- Born: Elisabeth Stuart Jones 1849 Portland, Maine, U.S.
- Died: July 14, 1926 (aged 76–77) Portland, Maine
- Occupations: author, journalist, music critic
- Spouse(s): Nino Cavazza ​(m. 1885)​; Stanley T. Pullen ​(m. 1894)​
- Writing career
- Pen name: E. Cavazza; Elisabeth Pullen
- Language: English

= Elisabeth Cavazza =

American journalist

Elisabeth Cavazza (Jones; after first marriage, Cavazza, after second marriage, Pullen; 1849 – July 14, 1926) was an American author, journalist, and music critic. She was also taught journalism by Stanley Pullen, then the owner and chief editor of the Portland Press, for whose columns she wrote unsigned verse, sketches and book reviews, acting also as musical critic. A parody in the manner of Algernon Charles Swinburne's Atalanta, "Algernon in London" deceived some leading members of the Century Club of New York City, from whom she received a card of admission to that club, sent on the supposition that the drama was the work of a man.
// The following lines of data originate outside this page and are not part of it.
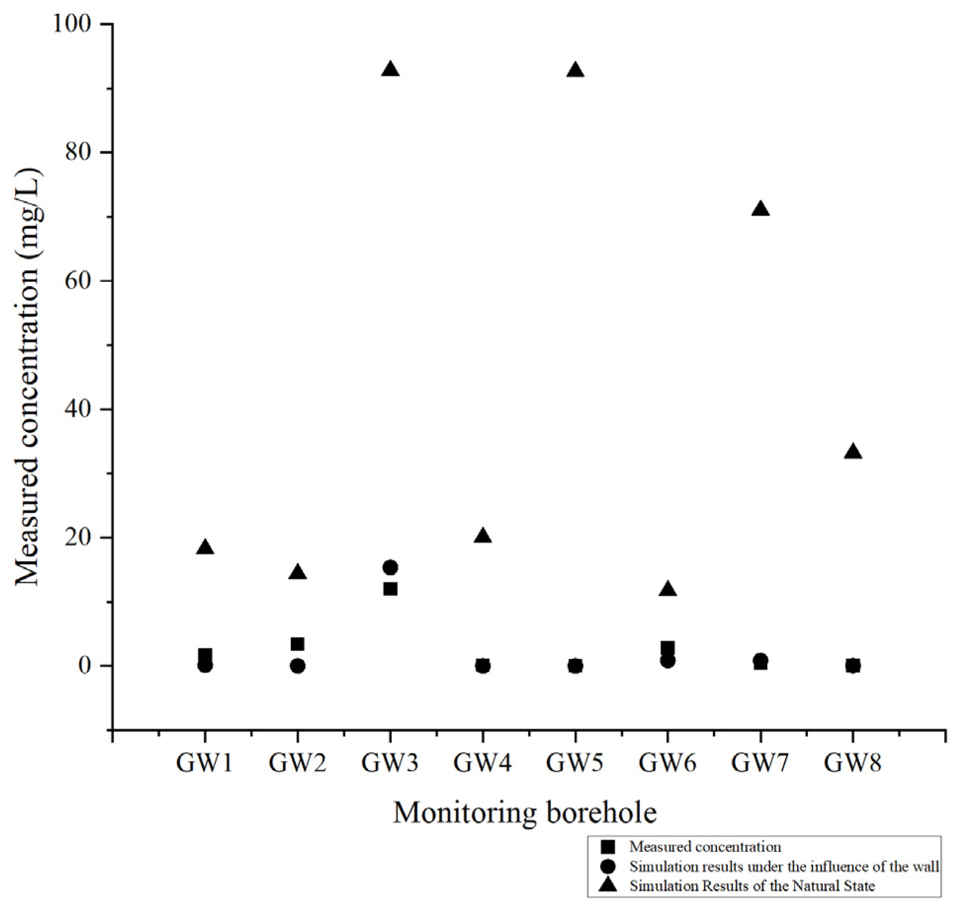 Figure 3 were examined. These samples compared the zinc ion concentrations in each borehole under natural conditions, cutoff wall construction, and those actually measured. The findings are presented in
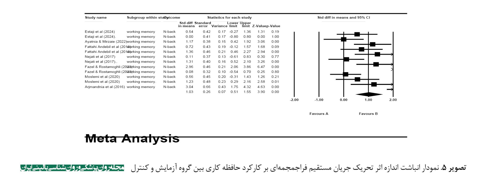 اثر تحریک جریان مستقیم فراجمجمهای بر حافظه کاری در 7 مطالعه با استفاده از آزمون ان-بک (N-back)، مورد ارزیابی قرار گرفت. نتایج فراتحلیل تفاوت معنیداری را بین گروه تحریک جریان مستقیم فراجمجمهای و گروه کنترل در آزمون ان-بک (1/03=SDM؛ %95، 0/51-1/55=CI؛ 001/P<0) نشان داد (تصویر شماره 5).
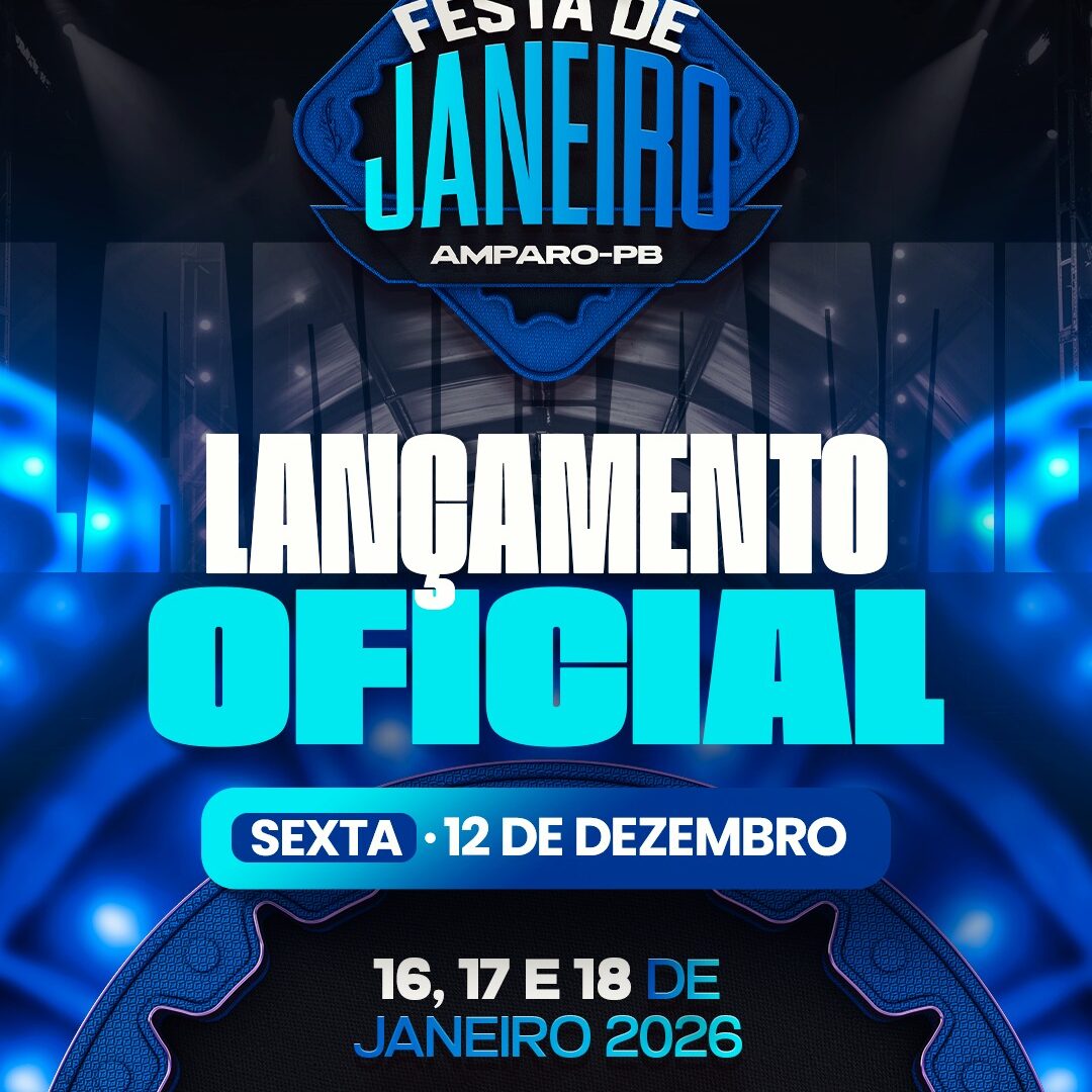 A Prefeitura Municipal de Amparo, por meio da Secretaria Municipal de Cultura, Esportes, Lazer e Turismo, informa que o lançamento oficial da tradicional Festa de Janeiro 2026 acontecerá nesta sexta-feira, 12 de dezembro, durante o programa institucional da Prefeitura, transmitido pela Rádio Cidade de Sumé, a partir das 12h.

A second parody, in which Robert Browning figured was not only forgiven by the poet, but also rewarded by a letter. Married for a year before she was widowed, Cavazza resumed writing, becoming known to readers of magazines as "E. Cavazza", and published a volume of stories of Calabrian peasant life, entitled Don Finimondone. She was editor of the Italian department of the Transatlantic, and on the editorial staff of the Boston Literary World, also contributing to many periodicals. After a second marriage in 1894, she signed her writings as Elisabeth Pullen. Cavazza was the author of The Man from Aidone, Rocco and Sidora, and Mr. Whitman, as well as translations from the Italian and the French. Her poetical tragedies, Algernon in London and Algernon the Footstool-Bearer, published in the Portland Transcript, attracted wide attention in the United States and England.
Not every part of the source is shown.